Lovell, Inc., would write the grant application, seeking a total of $60,000 from the Wyoming Business Council.  Of that total, $15,000 would need to come from the county and its largest municipalities to fulfill the required 25 percent local match.

“The town could see large benefits from doing this,” said Taylor. “It would give you some goals, it would identify how you should be proceeding, it would look at what you have, in terms of skills and resources within the current population that would help us build a better economy.”

Councilor Bob Graham called it “a great idea,” but expressed concern about the lack of south Big Horn County voices on the Lovell, Inc., board.  At the present time, only Tom Newman, a State Farm agent in Basin, represents the south. Taylor said she’d be making bimonthly visits to south Big Horn County, and pointed out that the president of the board, David Peck, owns newspapers in Basin and Greybull.

Graham said he feared entering into a situation like the landfill board, on which the town has no representative. “Personally, I don’t want to get into that situation again,” he said.  Taylor said she didn’t think the board would have an issue with that request.

Taylor was then asked whether the name of the organization, Lovell, Inc., could be changed to better reflect the entire county.  She said the current board prefers retaining the Lovell, Inc., name, citing the town of Lovell’s commitment of more than $420,000 to date.

Mayor Frank Houk added that he thought it was “a good idea, at least something that we have been lacking, that would help grow the county for our own children who would have some opportunities to stay closer to home.”

Councilor Bob McGuire offered only tepid support for the plan and the expenditure of $2,660.

“I have a lot of confidence in the business people I know,” he said. “Most of these people are looking at ways to improve their profits, their floor traffic.

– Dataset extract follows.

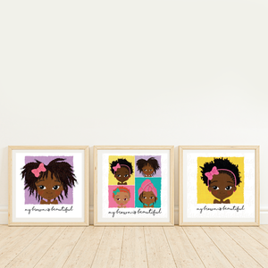 3-Pack Girls' Wall Art – "My Brown is Beautiful" by Fefus Designs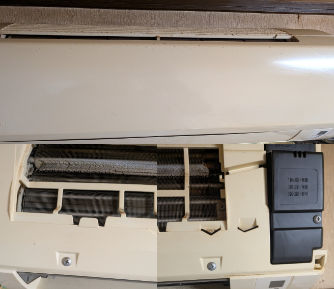 熱交換器は外見からは見えないので、知らぬ間にホコリが付きます。ホコリだらけになってしまうとその分、効率よく熱交換が出来なくなる為消費電力にも影響が出てきます。

I’d have to do more talking to these people to see if there’s a value (to this program).”

Taylor was asked if the town could expect to see the same level of return from Lovell, Inc., as it did from the Big Horn County Economic Development Committee, which is no longer in existence.

“You could expect to see a great deal more success,” said Taylor.

She referred back to Lovell, where the town pledged $300,00 in startup costs and has committed $60,000 in each of the past two fiscal years. “They have seen the results, they have seen the difference in the business climate, the dollars coming in, the activities we are doing.”

Council members continued to express a reluctance to commit, however.  Taylor ultimately swayed them by saying that the application could be pulled “if things fall apart” after the deadline passes, noting that it isn’t schedule to go in front of the Wyoming Business Council until March and the State Loan and Investment Board until April.

Clay Collingwood, a council member elect, was seated in the audience.  He asked Taylor how it would work if a business was eyeing both Greybull and Lovell, suggesting that that the group would likely pull it toward Lovell.

Taylor disagreed, saying Lovell, Inc., would look at things like each town’s available housing and existing work force. “It would be a very democratic process,” she said.

Most of the “economic development” that the council could expect to see in the coming years will likely come from existing business expansions and entrepreneurs, not necessarily new businesses.

Councilor Kay Fleek said economic development is a concern. “Looking at our main street, the things I’m hearing, it’s pretty scary,” she said. “Nothing is more depressing that going down main street and seeing no businesses.”

After McGuire reiterated his confidence in local business owners to come up with a solution, Graham said Lovell, Inc., could help them by providing a new perspective.  Added Taylor, “Their primary concern is growing their business, not necessarily other businesses.”

Dalen Davis, the town’s public works director, said Greybull would benefit from economic development anywhere in close proximity.  “If (a business) doesn’t land in Greybull, it’s likely still going to employ people in this community.”

Before approving the cash-match request, the council made a request of Taylor that she and the group invite Ron Fiene, owner of Ron’s Food Farm, to be a part of the process, citing his past efforts to bring businesses to south Big Horn County.